The Chair will consist mainly of three bodies: the administration; the scientific council; permanent and associate researchers, visiting professors and a team of PHD researchers. Building upon the University’s thematic experience with regards to IP and other health topics, there will be an inaugural course that will include a series of lectures. We will also create a summer school, research papers, projects, international colloquium and conferences pertaining to global health. We are also working on the project to put in place a specialized, interdisciplinary and international master’s program on the main topics of the Chair.
We want to help build up a local scientific community that focuses on the different parts of the puzzle, including, for example, how to create a conducive environment for technologies to go from the laboratory stage to development, to manufacturing and, ultimately, to patients. We also want to address scientific debates on the process of setting up African Medicines Agency since the Treaty concluded at the 32nd Ordinary Session of General Assembly of the African Union in 2019. By taking into consideration the African perspective and helping create further expertise, we believe we can help spur innovation locally, but also come up with new ideas that can be implemented elsewhere.
4. Who are some of the other actors that will be involved?
Whilst this structure will be hosted locally at the University of Yaoundé II campus, the goal is to work together with a wide range of African and international actors. We have seen the importance of taking a regional approach and collaborating with international organizations, such as the Organisation Africaine de la Propriété Intellectuelle, the World Intellectual Property Organization, the World Trade Organization and the World Health Organization.
Furthermore, we also believe in the importance of collaborating with the private sector and organizations, as well as all stakeholders working to improve global health and promote scientific innovation. The IFPMA represents some of the most innovative companies in the world, who have also contributed greatly to society, most recently by helping develop COVID-19 vaccines and other treatments in record times. The pandemic has shown us that, when we work together, we are stronger as a result and can achieve things that once seemed impossible.
5. What are the benefits of IP, specifically with regards to Africa and public health?
The COVID-19 pandemic has cemented the realization amongst Africa political leaders that our continent needs to collaborate more to strengthen health systems and create opportunities for economic investment in African solutions for African needs. We have already seen in other regions of the world that making a space attractive to private investment through effective application of intellectual property principles helps develop economic opportunities, including employment, tax revenues and foreign direct investment. Furthermore, when we discuss economic development in Africa, I believe it is important to ensure that we develop the innovative, social and technological parts of the economy. Progress in the health sector and pharmaceutical industry will help ensure sustainability and that the continent can compete in a global setting.
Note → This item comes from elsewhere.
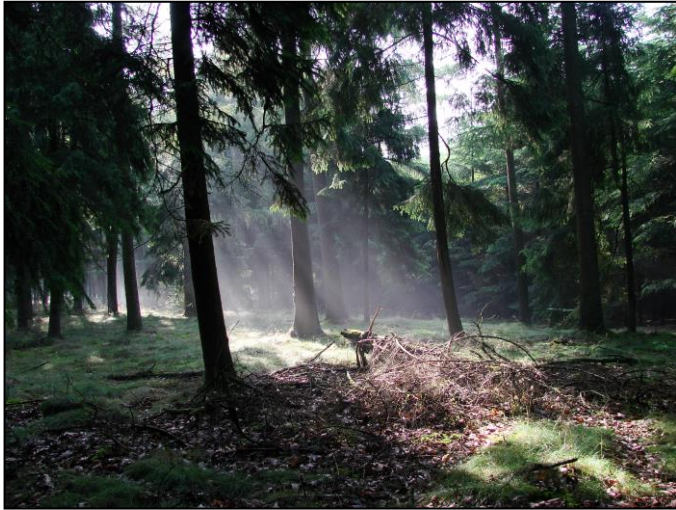
Ochtendstemming in het naaldbos

In dit deel van het bos zijn de percelen met sparren flink uitgedund. Wat verderop in het bos wordt de begroeiing veel gevarieerder. Dit stuk onderscheidt zich van het sparrenbos hiervoor door de aanwezigheid van eiken die minstens tachtig jaar oud zijn.

Estimates suggest that, by 2050, Africa’s population will double, and the next generation is eager to bring the economy forward, with an effective healthcare system as a key enabling foundation.
Whilst many have suffered due to COVID-19, it is important to remember that Africa has performed better than expected in some areas as well. For example, we have seen very strong community participation in health systems and public support for safety measures. Our experience in finding creative solutions and resilience is also an asset we acquired from having dealt with several other infectious disease outbreaks, such as Ebola and Cholera. It is important that we learn from what we did well and focus on strengthening global health, innovation and understanding of related IP issues to create a brighter future. Through my role as Chair President, and with the new partnership with IFPMA, I look forward to playing a part in this and am keen to build upon the momentum.